MGPLOT is a script for visualizing metagenomic data. The script generates average profiles and heatmaps of selected genomic features based on a provided bedgraph file.
- Python 3.6
- NumPy (tested on 1.12.1)
- SciPy (tested on 0.19.0)
- Seaborn (tested on 0.7.1)
| Argument | Description | Default | Values |
|---|---|---|---|
-g --gfile |
bed or tsv file containing information about the genomic features | None | file name or path |
-i --infile |
bedgraph file | None | file name or path |
-gt --gfiletype |
type of the gfile | 'bed' | 'bed' , 'scoretsv' |
-cf --configFile |
configuration file | None | file name or path |
-gi --gindx |
indicies representing the location of fields in a bed file | 0,1,2,3,-1 | sequence of five integers |
-rp --replot |
numpy binary file containing a matrix to be replotted | None | file name or path |
Input files cannot have headers.
Console arguments override configuration file arguments
For the configuration file to be read correctly it should have only two columns separated by TAB. In each row the first column is the argument, the second is the value.
When an argument can take multiple values such as in --chrmomit and -gomit the values should be in the second column separated by commas.
Example of a correctly formatted configuration file:
region genebody
plottype both
nticks 2
sort true
chrmonly chr1,chr2,chrX
scorerange 1000,10000
The --gindx sequence indicates in which columns in the .bed file the script will find information about chromosome name, start position, end position, feature name, strand respectively.
--replot allows you to plot previously saved data (using --matfile) without reading other input files again, with different plot settings. When using replot the region and flank arguments must remain unchanged.

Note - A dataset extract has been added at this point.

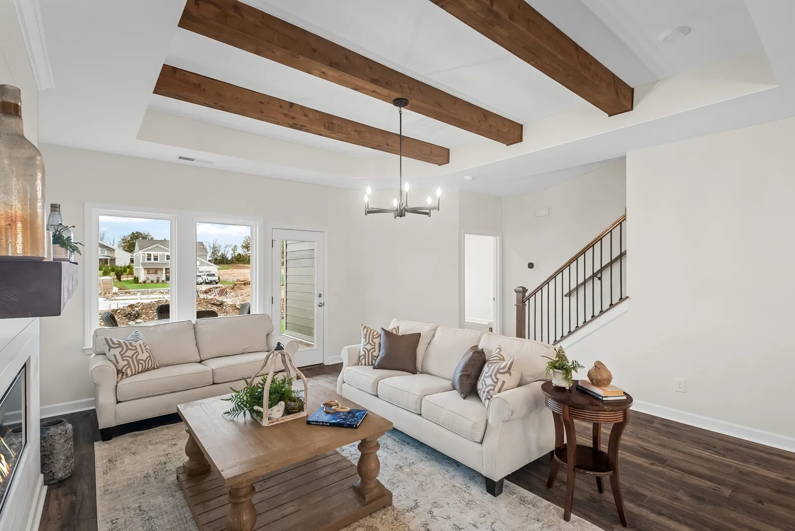 Main level includes private study, primary suite with walk-in shower, large vanity and huge walk-in closet. Family room with tray ceiling and cedar beams, fireplace and Revwood flooring. Outdoor living space adjacent the family room. Beautiful cabinetry, quartz counters, tile, trim and more. 2 Car garage. The second level features a functional game room, bedroom w/WIC, full bath and walk-in storage. Home automation package included. Ask about generous finance incentives with our preferred lender. New construction without the wait!

| Argument | Description | Default | Values |
|---|---|---|---|
-p --plottype |
type of plot to be generated | 'avgprof' | 'avgprof' , 'heatmap' , 'both' |
-nt --nticks |
number of ticks on the x-axis | 1 | a non negative integer |
-cm --cmap |
colormap to be used when generating a heatmap | 'Reds' | matplotlib colormap name |
-s --sort |
whether to sort the matrix used for generating a heatmap | False | no value in console, 'true' or 'false' in config file |
-sm--smooth |
whether to smooth the average profile curve before ploting | False | boolean or a non negative float |
-hn --hnorm |
whether to use linear or symmetric logarithmic normalization for the colorscale | 'lin' | 'lin' , 'log' |
-ht --hmtitle |
title of the heatmap | None | string |
-at --avgtitle |
title of the average profile | None | string |
-cb --cbar |
whether to show a colorbar next to the heatmap | False | no value in console, 'true' or 'false' in config file |
--nticks determines how many ticks surround the plotted region. For TSS and TSE nticks is the number of ticks on each side of the region of interest. For genebody it is the number of ticks left of TSS, between TSS and TSE (nticks-1), and right of TSE.
For example a run with argument --nticks 2 will generate plots with 5 ticks for TSS and TSE, and 7 ticks for genebody.

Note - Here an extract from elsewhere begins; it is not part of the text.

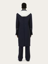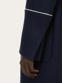 Distinctive, gentlemanly and high fashion, this single breasted jacket is made of pure wool and features a contrasting piping on the cuffs, breast pocket, and shoulders. The hood, in technical fabric, confirms a trendy feel, breaking the formality typical of this cut. Details include a button up front, small pointed lapels, and three patch pockets on the front. Below the knee length. - Composition: 100% wool - Made In ITALY
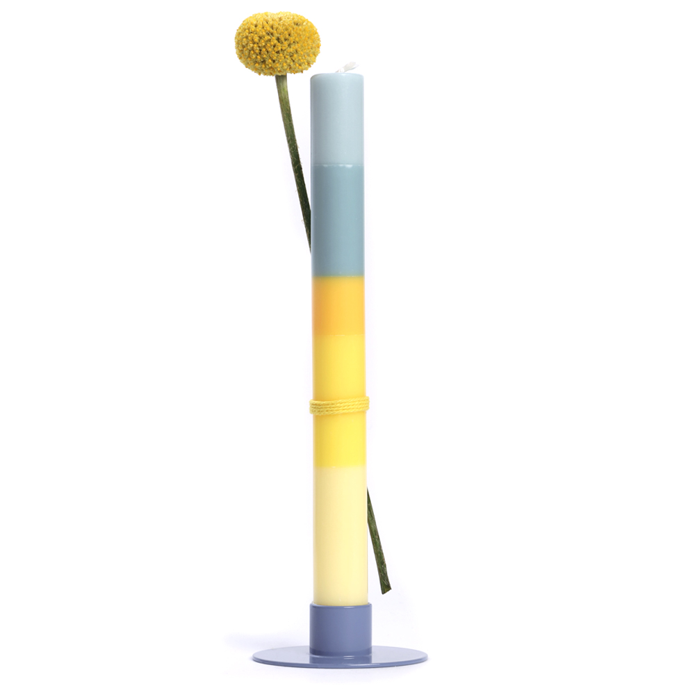 Eine colourblocking Kerze mit bunten Abschnitten in Graublau, und Gelbtönen.

When --smooth is set to true the curve is smoothed with a spline with a smoothing parameter equal to flank_length * 1e-4. To change the value of the smoothing parameter set the value of --smooth to a float.

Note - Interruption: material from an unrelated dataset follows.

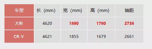 通过车身尺寸对比不难看出,大狗在车身尺寸方面的优势领先于CR-V,虽然CR-V在长度方面领先一点,不过在实际使用中这点优势可以忽略不计。

Example average profile with --smooth set to 0.08:

The same average profile with --smooth set to 0:

Matplotlib colormap names can be found here.
--hnorm allows you to use a logarithmic normalization when linear normalization generates a poorly visable heatmap.
Example heatmap with --hnorm set to 'lin':

The same heatmap with --hnorm set to 'log':

| Argument | Description | Default | Values |
|---|---|---|---|
-r --region |
location of the genomic regions to be plotted | 'TSS' | 'TSS' , 'TSE' , 'genebody' |
-fl --flank |
length of the flanking regions | 1000 | positive integer |
The script will generate plots of the selected location with surrounding flanking regions.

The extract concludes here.